2. Per-core clock configuration:
- SDK attempted per-core clock configuration.
- Direct global clock command worked:
```bash
axdevice --set-clock 600 -dmetis-0:1:0
axdevice --set-clock 800 -dmetis-0:1:0
```
- Per-core clock path failed with:
```text
CMD_SET_CLOCK_AICORE_FREQ returned an error code
```
- Mapping SDK clock requests to the global `clock_profile` path allowed inference to run before the firmware update.
These earlier issues may be unrelated to the current post-update board communication failure, but they may be useful context.

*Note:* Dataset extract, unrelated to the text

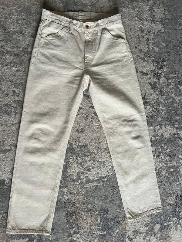 Джинсы staight fit светлого цвета. Замеры: - ПОТ - 41,5 см; - ПОБ - 55 см; - Ширина в бедре - 33 см; - Ширина на выходе – 20,5 см; - Посадка - 30 см; - Длина по внутреннему шву (Inseam) - 74 см; - Общая длина - 105,5 см. На последнем фото можно увидеть, как эта же модель смотрится на человеке. Материал: деним (100% хлопок), очень плотный, но одновременно очень комфортно в теплую погоду. Цвет: кремовый / off-white (фактичо, цвет неокрашенного денима. Стан: идеальный, фактически новый, никаких прядей, дефектов или следов от ношения или стирки. Большим преимуществом именно этой модели среди многих других джинсов является высокая посадка и они очень комфортны в бедрах. Они отлично подойдут на любую фигуру, в том числе и для тех, кто не пропускает день ног в зале). Что касается дополнительных фото, замеров, вопросов - пива обращаться ко мне в личные.

We believed FW update may fix the per-core clock failure
Questions
- Is `vmsi not available` expected on Toradex Verdin i.MX95 with Metis M.2 and driver 1.4.16?
- Given PCIe enumeration and MSI allocation succeed, but `/proc/interrupts` does not increment during `axcmd --fwver`, what is the recommended next diagnostic step?
- Does the Verdin i.MX95 PCIe/ITS/SMMU configuration require a specific device tree property or kernel config for Metis MSI writes to reach the GIC ITS?
- Is there a supported recovery path when the official interactive firmware update reports success but the device then cannot answer `axcmd --fwver`, `axdevice`, or `axdevice --reload-firmware`?
- Is there a known compatibility issue with early Metis M.2 cards updated from `flver=1.3.2` / `bcver=1.4` to SDK 1.6.1 firmware on ARM64 platforms?
Thank you very much for any support you can give us. We were really careful with the FW update process but this is not something we were expecting after the tool reported “successful” update.